S = np.zeros((p, p))

# Fill in blocks from parallel output

for okay, (i, j) in enumerate(ij): # ij = record of (i, j) pairs

rows = blocks[i]

cols = blocks[j]

S[np.ix_(rows, cols)] = out[k]

# Fill the decrease triangle by symmetry

i_lower = np.tril_indices(p, –1)

S[i_lower] = S.T[i_lower]

# Normalize

S = S / (X.form[0] – 1)

np.allclose(tmpp, S)

True

As you possibly can see it takes longer, which caught me abruptly. After some digging, ensuring there aren’t any bugs, I understood that NumPy’s spectacular pace is because of the truth that it’s already optimized to run in parallel within the backend.
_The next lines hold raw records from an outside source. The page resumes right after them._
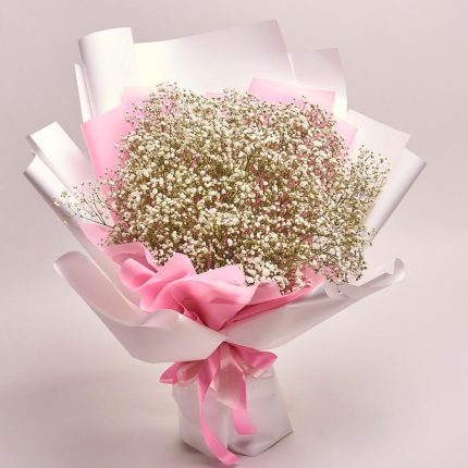 Букет из 11 персиковых мини-гербер и зелени в дизайнерской упаковке “Персиковые бабочки”
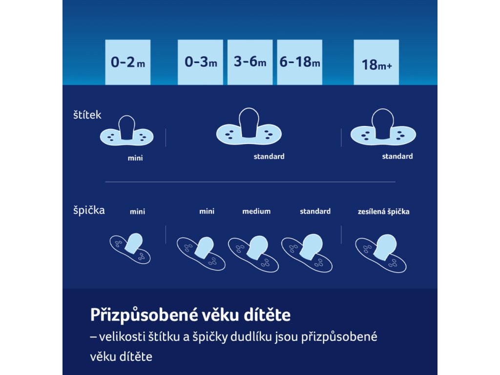 Špička je vyrobena z odolného silikonu, který se během používání nedeformuje v ústech dítěte.
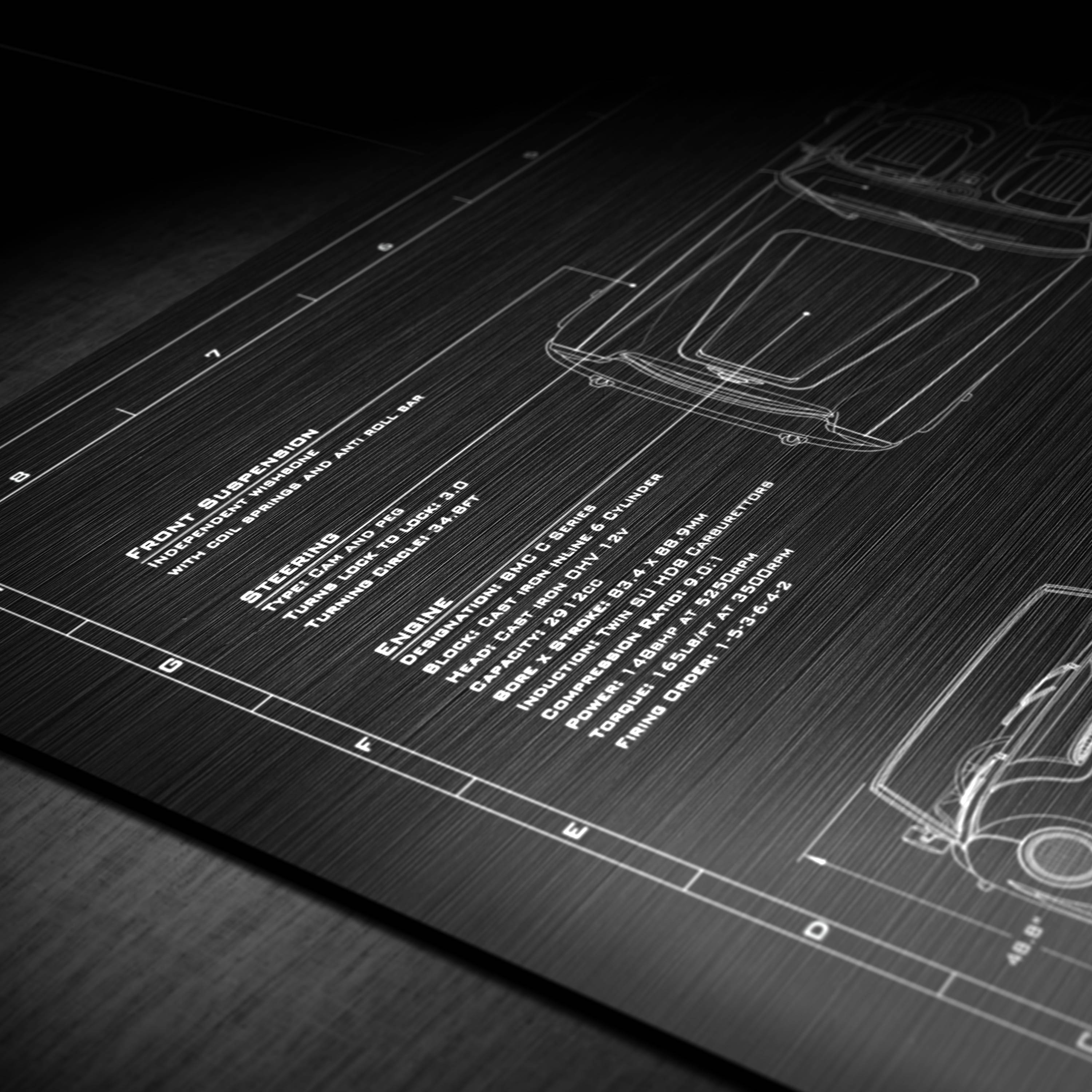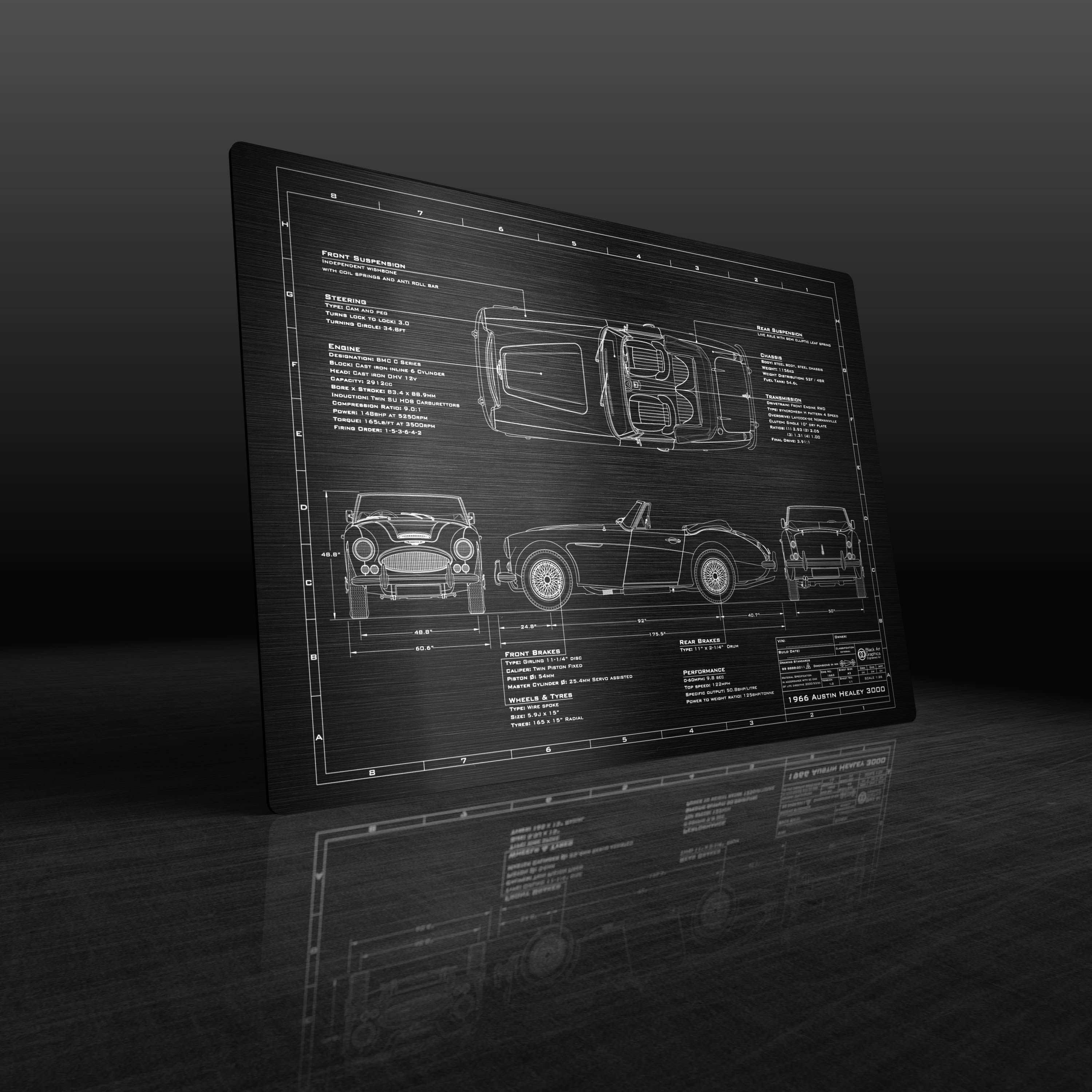 Laser Engraved 1964-1967 Healey 3000 MkIII Blueprint

You’ll be able to print np.__config__.present() to see the decrease stage software program used behind the scenes, with some heavy-hitters like Lapack and Blas that are particularly designed for matrix math on trendy CPUs. Express parallelization then solely creates extra overhead. Attention-grabbing stuff. Plus 1 for Python.

Appendix

Whenever you refactor code, additionally, you will do properly to look beneath the hood for what the operate is doing, and maybe take away all types of checks which can be maybe not wanted (classtype checks, NA checks and many others).

Additionally, in case you want to discuss with this put up, you possibly can cite it like so:
Eran Raviv (2025). “Parallelizing Matrix Computation.”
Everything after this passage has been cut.